_Dataset:_
________________
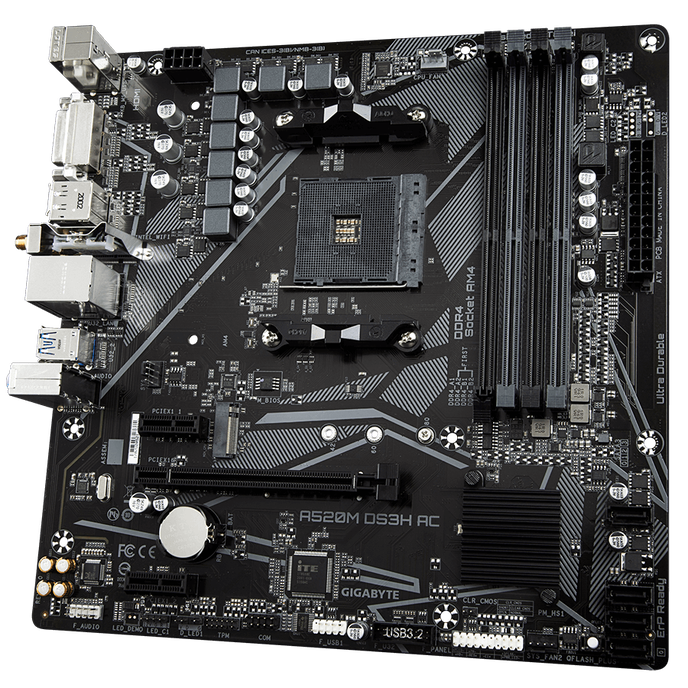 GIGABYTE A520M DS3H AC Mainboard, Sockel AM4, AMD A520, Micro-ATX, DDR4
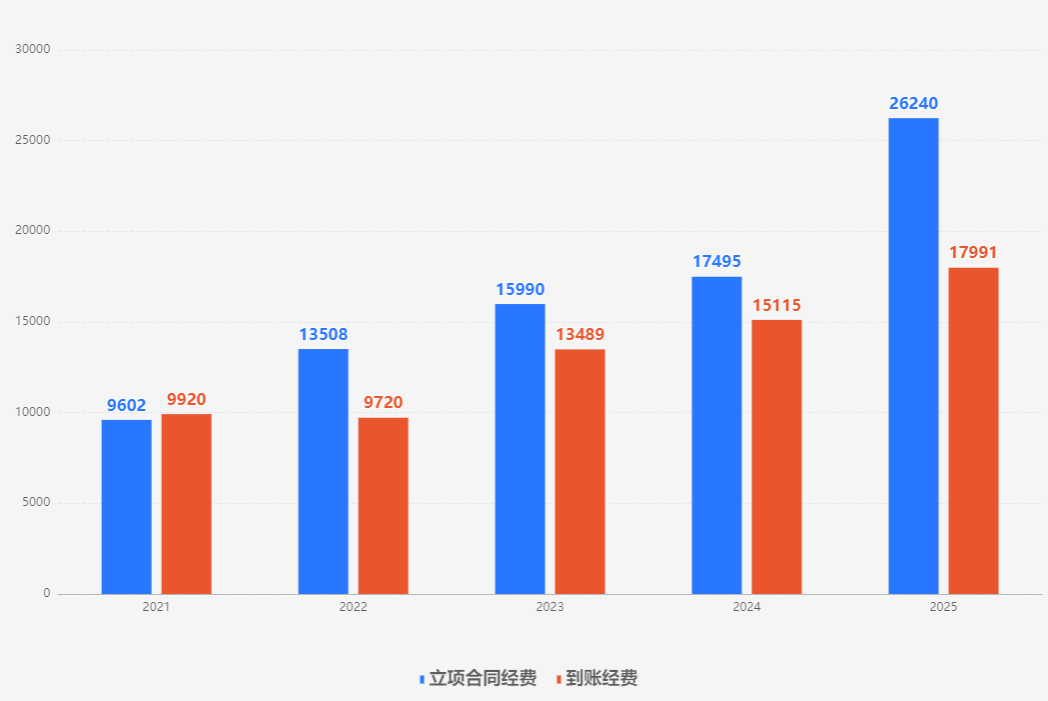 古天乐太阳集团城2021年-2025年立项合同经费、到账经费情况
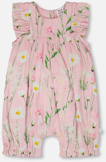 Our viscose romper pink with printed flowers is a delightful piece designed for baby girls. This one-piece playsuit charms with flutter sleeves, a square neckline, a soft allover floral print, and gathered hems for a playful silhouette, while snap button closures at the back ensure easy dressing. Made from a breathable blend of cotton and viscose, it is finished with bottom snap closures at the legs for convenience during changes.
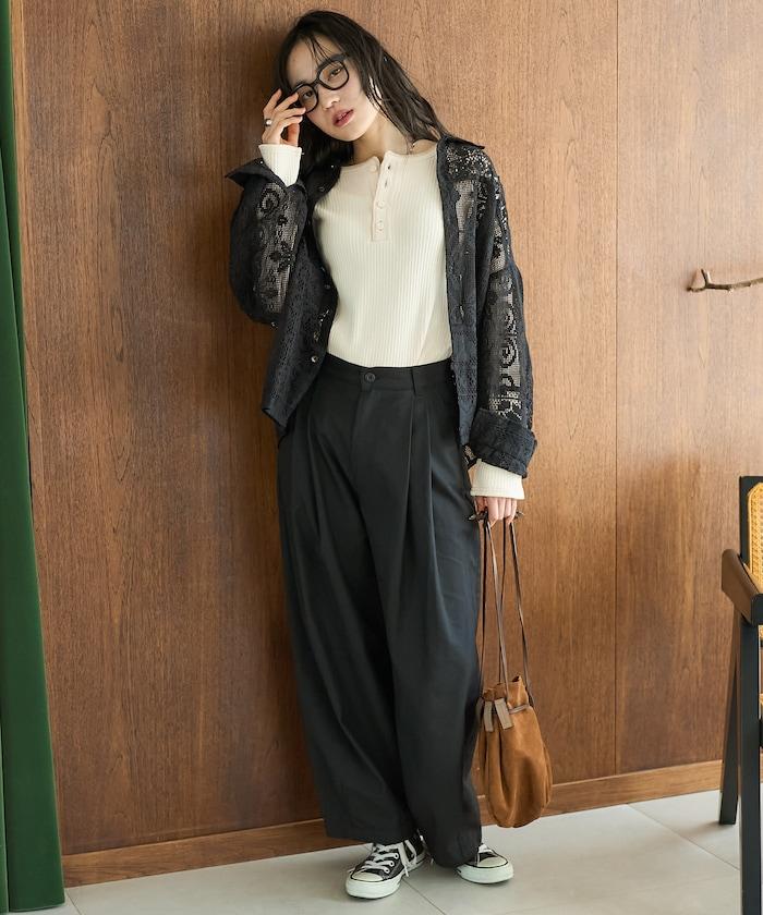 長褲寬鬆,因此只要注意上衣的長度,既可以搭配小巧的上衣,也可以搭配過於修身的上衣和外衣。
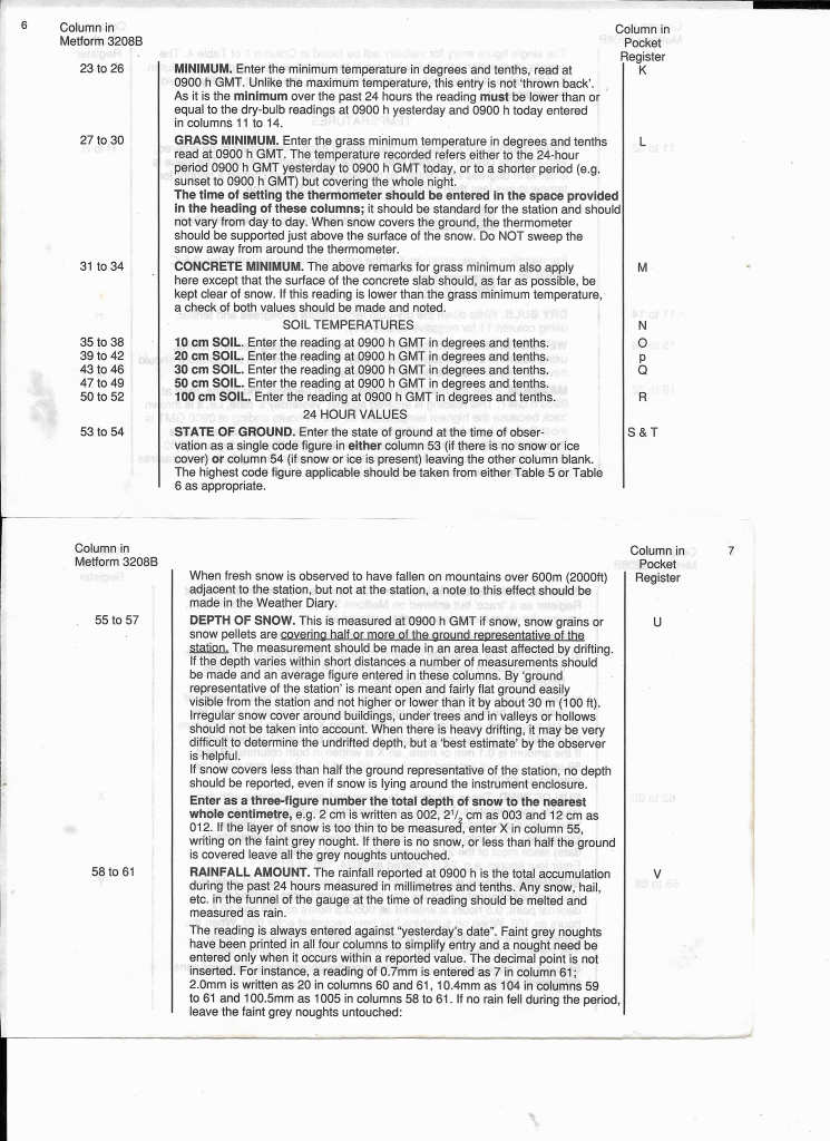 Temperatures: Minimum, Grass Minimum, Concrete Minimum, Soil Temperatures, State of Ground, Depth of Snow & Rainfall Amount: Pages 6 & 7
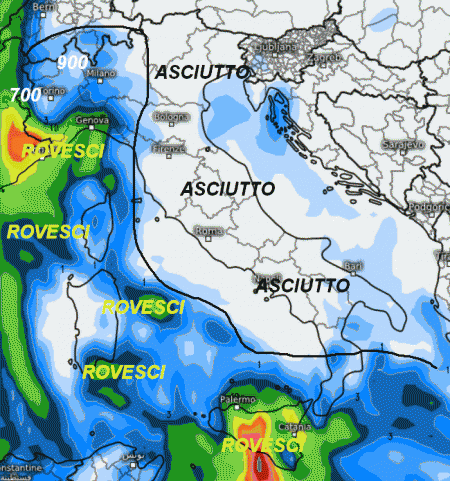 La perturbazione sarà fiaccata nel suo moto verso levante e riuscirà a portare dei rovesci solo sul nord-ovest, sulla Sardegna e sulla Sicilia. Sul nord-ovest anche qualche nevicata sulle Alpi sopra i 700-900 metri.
________________
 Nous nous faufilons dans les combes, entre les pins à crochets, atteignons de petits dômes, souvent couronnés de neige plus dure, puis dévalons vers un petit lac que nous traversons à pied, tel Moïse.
________________
_Exercise goal:_
I'd like the lines above repeated exactly, from the one that contains "GIGABYTE A520M DS3H" through the one that contains "La perturbazione sarà", with no pictures.

_Solution to this exercise:_
 GIGABYTE A520M DS3H AC Mainboard, Sockel AM4, AMD A520, Micro-ATX, DDR4
 古天乐太阳集团城2021年-2025年立项合同经费、到账经费情况
 Our viscose romper pink with printed flowers is a delightful piece designed for baby girls. This one-piece playsuit charms with flutter sleeves, a square neckline, a soft allover floral print, and gathered hems for a playful silhouette, while snap button closures at the back ensure easy dressing. Made from a breathable blend of cotton and viscose, it is finished with bottom snap closures at the legs for convenience during changes.
 長褲寬鬆,因此只要注意上衣的長度,既可以搭配小巧的上衣,也可以搭配過於修身的上衣和外衣。
 Temperatures: Minimum, Grass Minimum, Concrete Minimum, Soil Temperatures, State of Ground, Depth of Snow & Rainfall Amount: Pages 6 & 7
 La perturbazione sarà fiaccata nel suo moto verso levante e riuscirà a portare dei rovesci solo sul nord-ovest, sulla Sardegna e sulla Sicilia. Sul nord-ovest anche qualche nevicata sulle Alpi sopra i 700-900 metri.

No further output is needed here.